━━━ INPUT ━━━

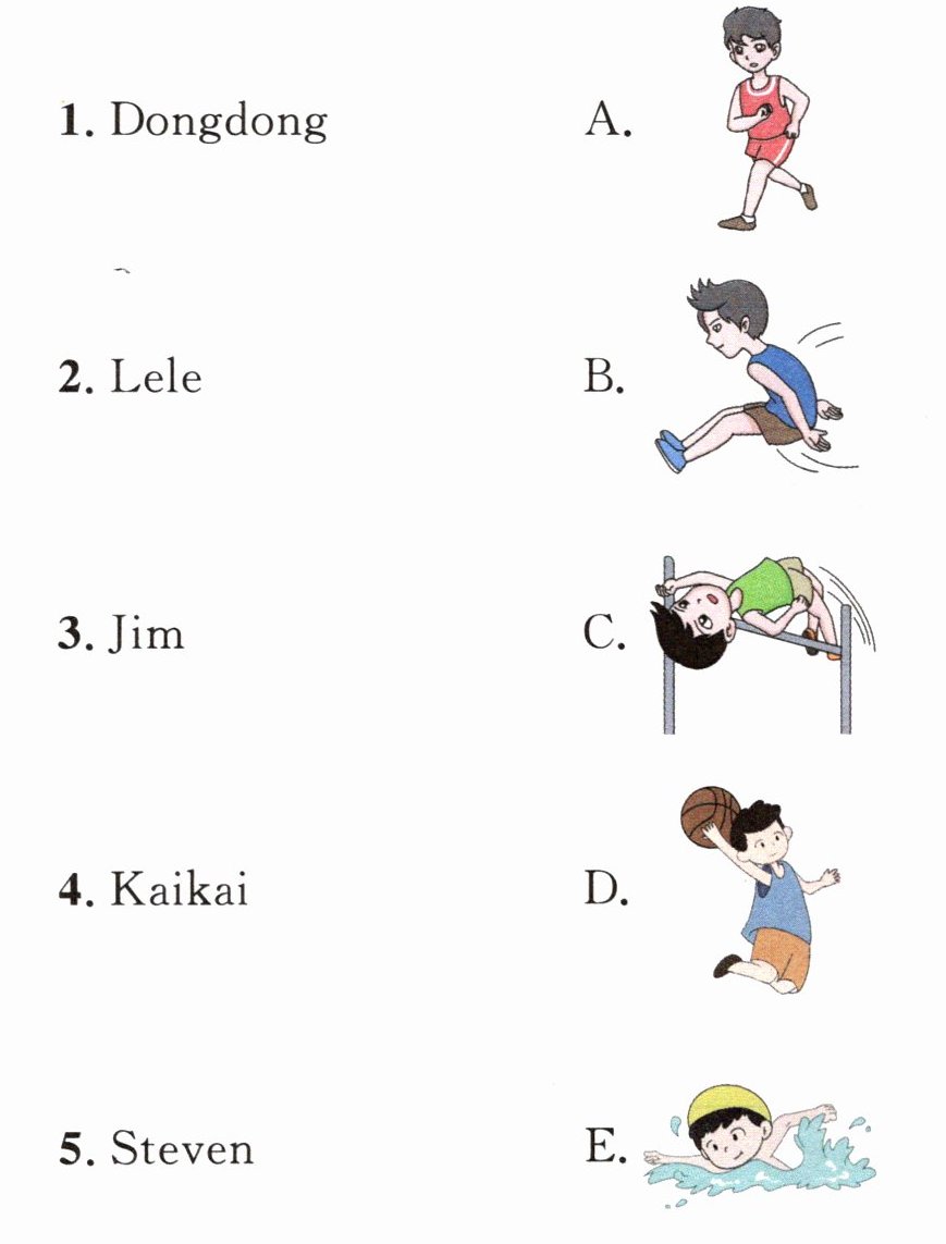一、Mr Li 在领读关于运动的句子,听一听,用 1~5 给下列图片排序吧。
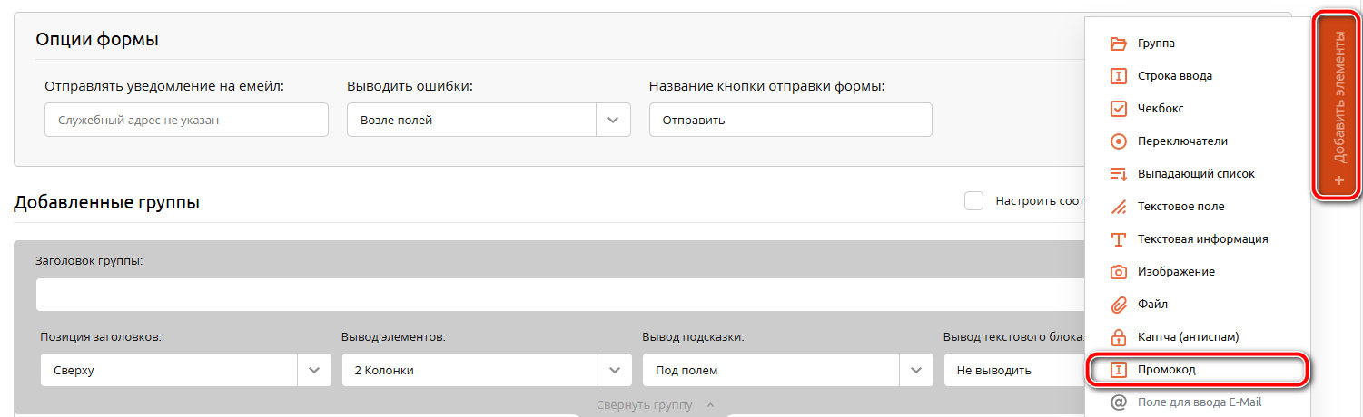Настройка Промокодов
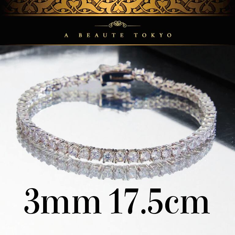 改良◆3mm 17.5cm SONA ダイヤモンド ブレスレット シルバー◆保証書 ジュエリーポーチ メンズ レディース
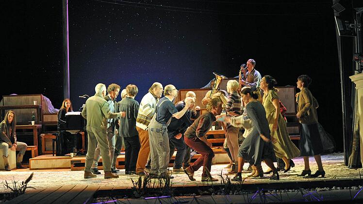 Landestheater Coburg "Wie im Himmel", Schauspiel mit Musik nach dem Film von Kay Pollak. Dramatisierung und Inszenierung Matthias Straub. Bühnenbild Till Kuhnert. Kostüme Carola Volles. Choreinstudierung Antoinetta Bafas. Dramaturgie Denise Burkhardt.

━━━
━━━ INPUT ━━━

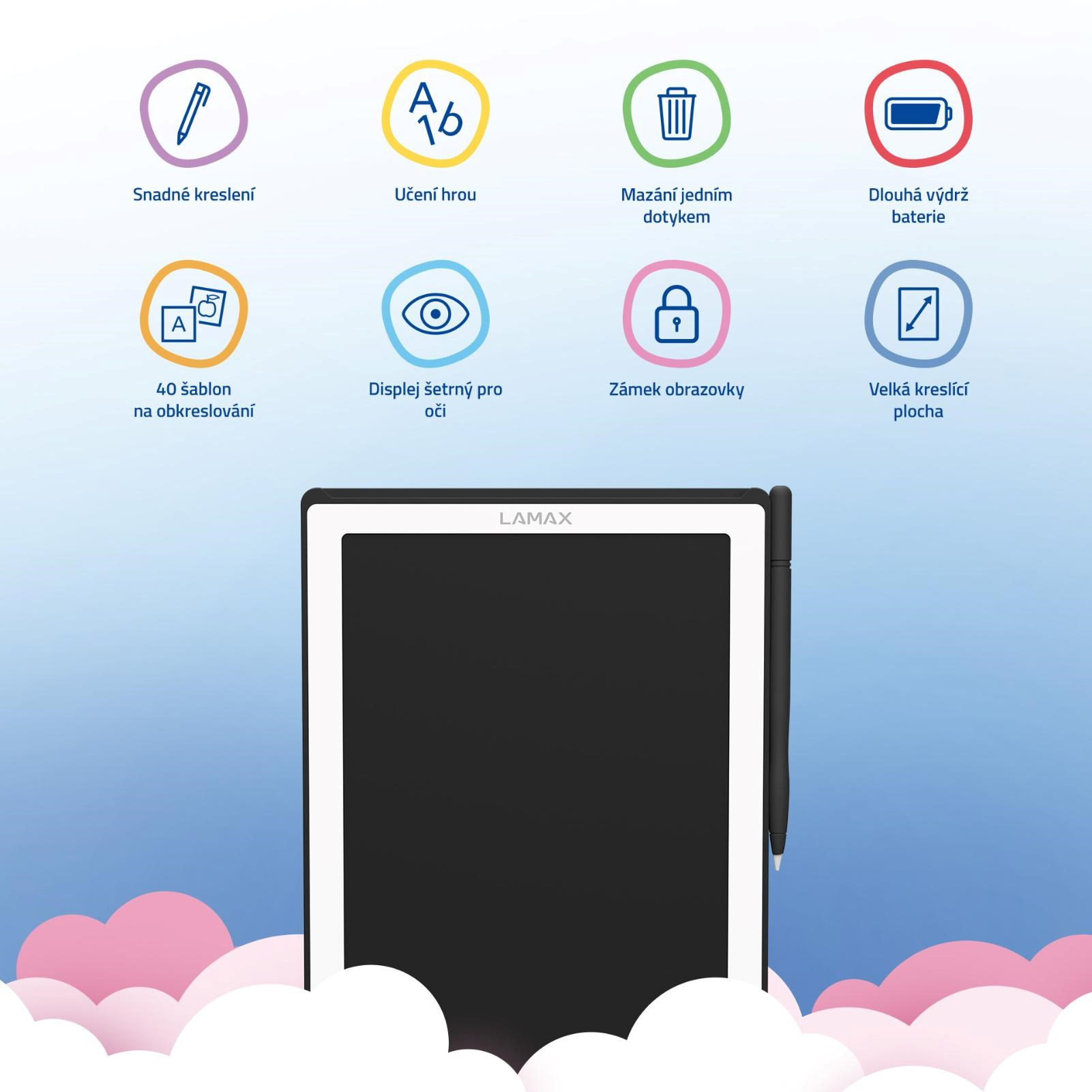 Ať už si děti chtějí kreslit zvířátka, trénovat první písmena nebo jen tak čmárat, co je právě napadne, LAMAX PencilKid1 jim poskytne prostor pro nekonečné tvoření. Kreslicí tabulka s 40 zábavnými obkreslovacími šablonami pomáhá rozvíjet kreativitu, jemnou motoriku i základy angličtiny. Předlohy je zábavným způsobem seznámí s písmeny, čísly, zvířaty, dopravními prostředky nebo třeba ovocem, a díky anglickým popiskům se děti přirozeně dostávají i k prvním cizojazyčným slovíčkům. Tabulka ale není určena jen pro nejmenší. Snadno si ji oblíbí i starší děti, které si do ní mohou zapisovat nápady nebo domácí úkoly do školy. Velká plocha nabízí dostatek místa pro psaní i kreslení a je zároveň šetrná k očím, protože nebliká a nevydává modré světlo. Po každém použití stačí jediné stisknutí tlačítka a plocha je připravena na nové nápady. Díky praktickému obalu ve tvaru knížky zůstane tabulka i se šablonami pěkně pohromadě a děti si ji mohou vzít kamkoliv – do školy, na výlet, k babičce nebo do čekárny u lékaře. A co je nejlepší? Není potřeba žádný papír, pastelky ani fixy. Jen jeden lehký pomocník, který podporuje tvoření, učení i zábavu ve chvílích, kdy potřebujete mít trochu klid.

━━━
━━━ INPUT ━━━

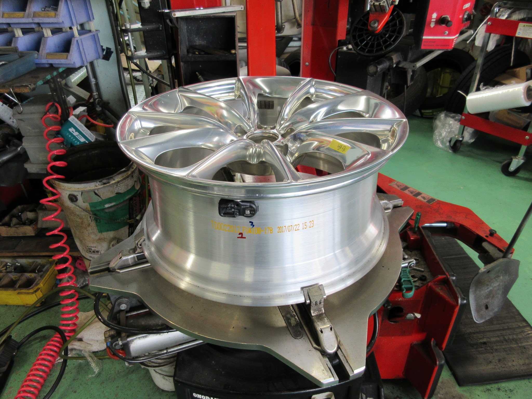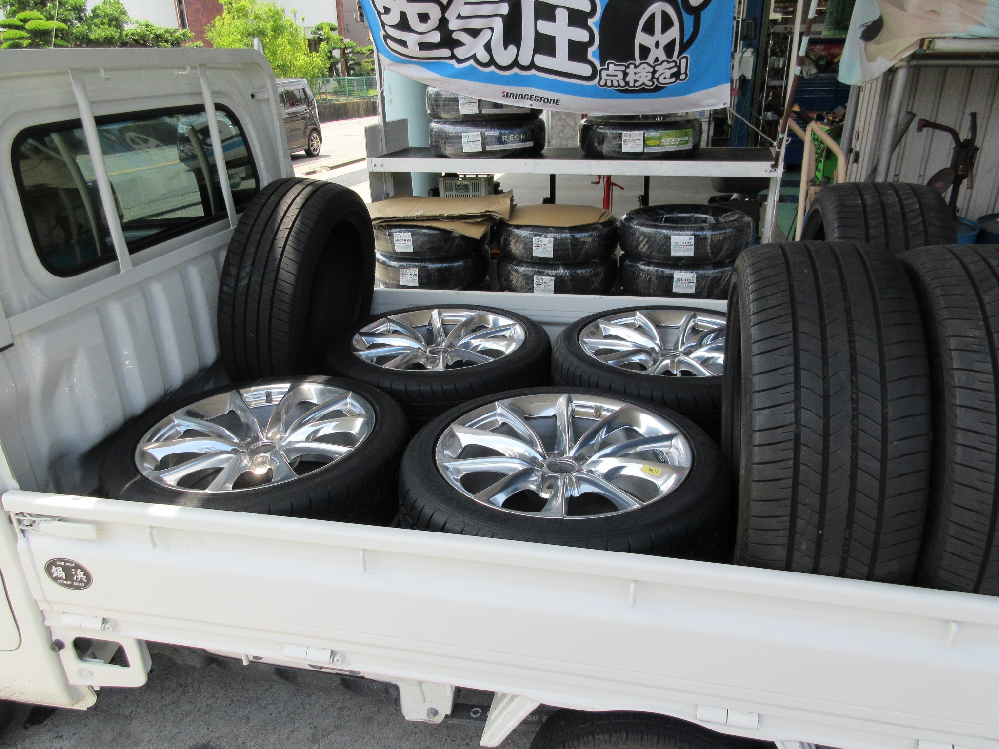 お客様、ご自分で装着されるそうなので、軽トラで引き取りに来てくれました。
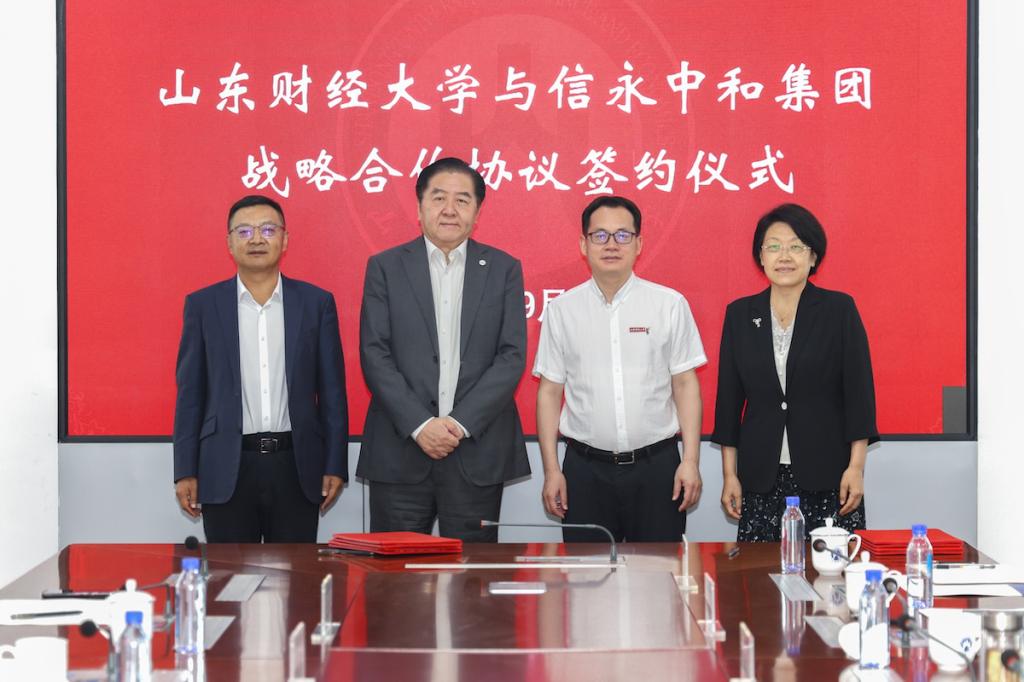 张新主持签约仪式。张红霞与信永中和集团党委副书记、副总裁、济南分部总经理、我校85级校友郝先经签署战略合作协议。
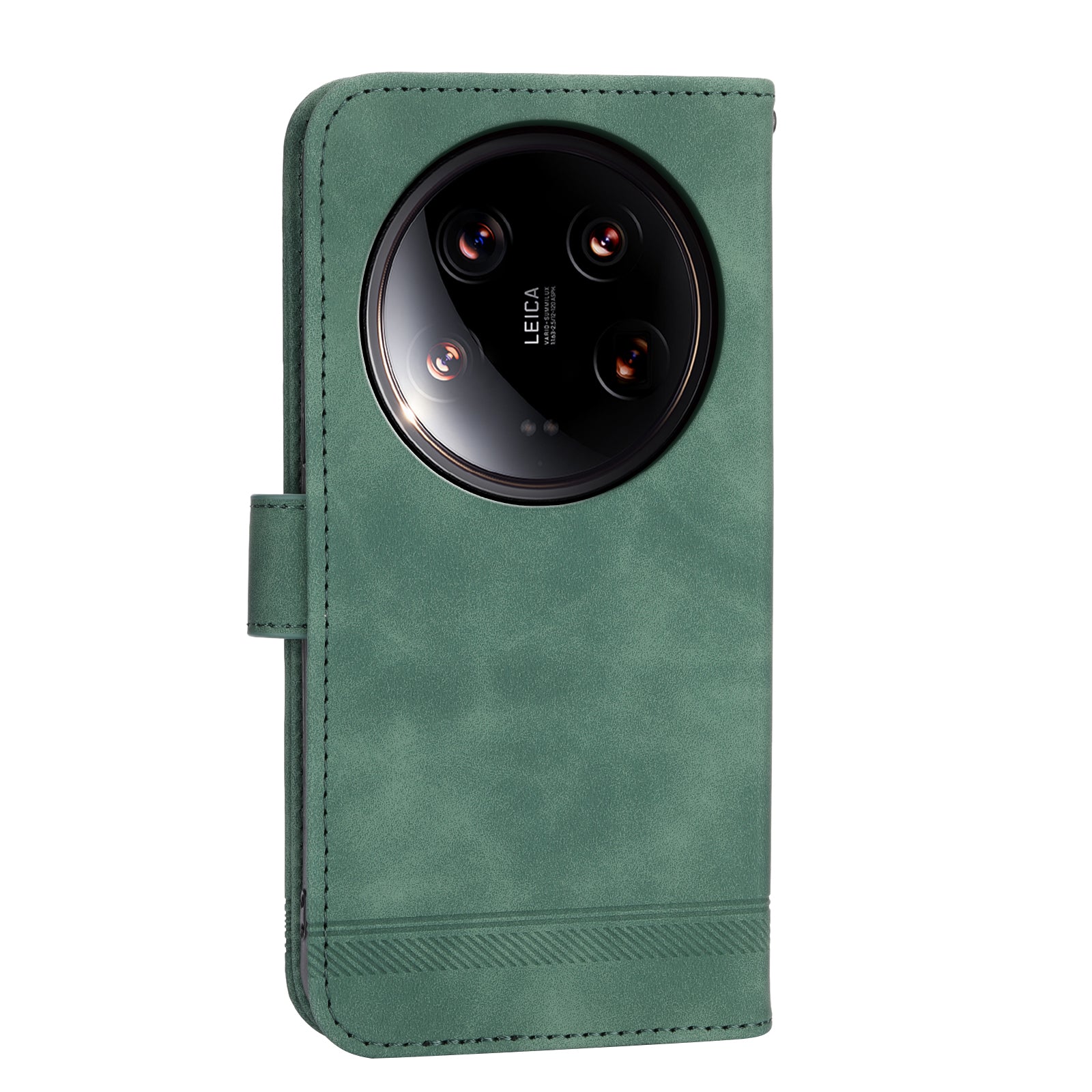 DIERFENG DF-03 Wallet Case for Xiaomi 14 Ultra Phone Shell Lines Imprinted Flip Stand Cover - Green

━━━

[ACTIVITY] Look through the listing above for the line with "Настройка Промокодов" and the line with "Dramaturgie Denise Burkhardt.". Write out exactly those lines and everything between, leaving out pictures.

[RESPONSE BELOW]
Настройка Промокодов
 改良◆3mm 17.5cm SONA ダイヤモンド ブレスレット シルバー◆保証書 ジュエリーポーチ メンズ レディース
 Landestheater Coburg "Wie im Himmel", Schauspiel mit Musik nach dem Film von Kay Pollak. Dramatisierung und Inszenierung Matthias Straub. Bühnenbild Till Kuhnert. Kostüme Carola Volles. Choreinstudierung Antoinetta Bafas. Dramaturgie Denise Burkhardt.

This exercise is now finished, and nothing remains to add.